Виктор похолодел, водить в бой что-либо больше пары ему еще не доводилось, да и желания особо не было. Оставшееся до вылета время он посветил суматошной подготовке к полету.
Только уже взлетев и набрав высоту Виктор немного успокоился. Все-таки, в небе переживать особо некогда. В небе постоянно есть работа, вдобавок усугубленная тем, что думать нужно не только за себя, но и за всю группу. Пусть даже она состоит всего из четырех самолетов. Под крылом привычно мелькали выгоревшая от солнца земля, проплывали балки и поля. С воздуха казалось, что все внизу дышало спокойствием и тишиной. Однако это было далеко не так — над дорогами поднимался бесконечный шлейф серой пыли, это отступали наши войска, беженцы, эвакуировали скот и колхозное имущество. Сверху объем отступления был хорошо виден и ужасал своим размахом.
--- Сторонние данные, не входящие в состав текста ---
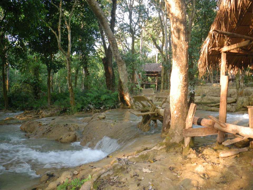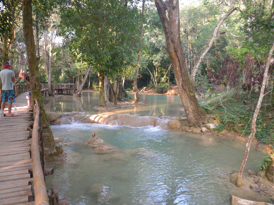 Auf dem Weg zum Zentrum wollten viele Tuktuk-Fahrer mich zum Wasserfall bringen – aber eben 150.000 KIP (€15), was für mich alleine zu viel war. Ich suchte also andere Leute. Ein paar wollten zun den Buddha Höhlen und eine zum kleinen Wasserfall. Ich fand dann doch 4 Leute, die um 3 zum Wasserfall wollten. Gut, jetzt war es um 2 und ich hatte eine Stunde Zeit.

Вылет проходил нормально. Тройка бомбардировщиков «Пе-2 висела ниже Яков, на высоте в два с половиной километра. Пищалин исправно летел слева-сзади. Еще левее виднелась пара Турчанинова. Виктор вспомнил, как того корежило на предполетном инструктаже, и криво усмехнулся. Турчанинов видимо не рассчитывал, что старшим группы назначат именно Саблина и испытывал явный дискомфорт, что придется подчиняться младшему по званию.
„Интересно, что имел командир в виду, когда говорил, что мне пора водить группы, — в очередной раз подумал Виктор, — ведь у нас в полку ведущих пока хватает“. Однако весьма быстро стало не до размышлений, на горизонте показалась пара приближающихся точек.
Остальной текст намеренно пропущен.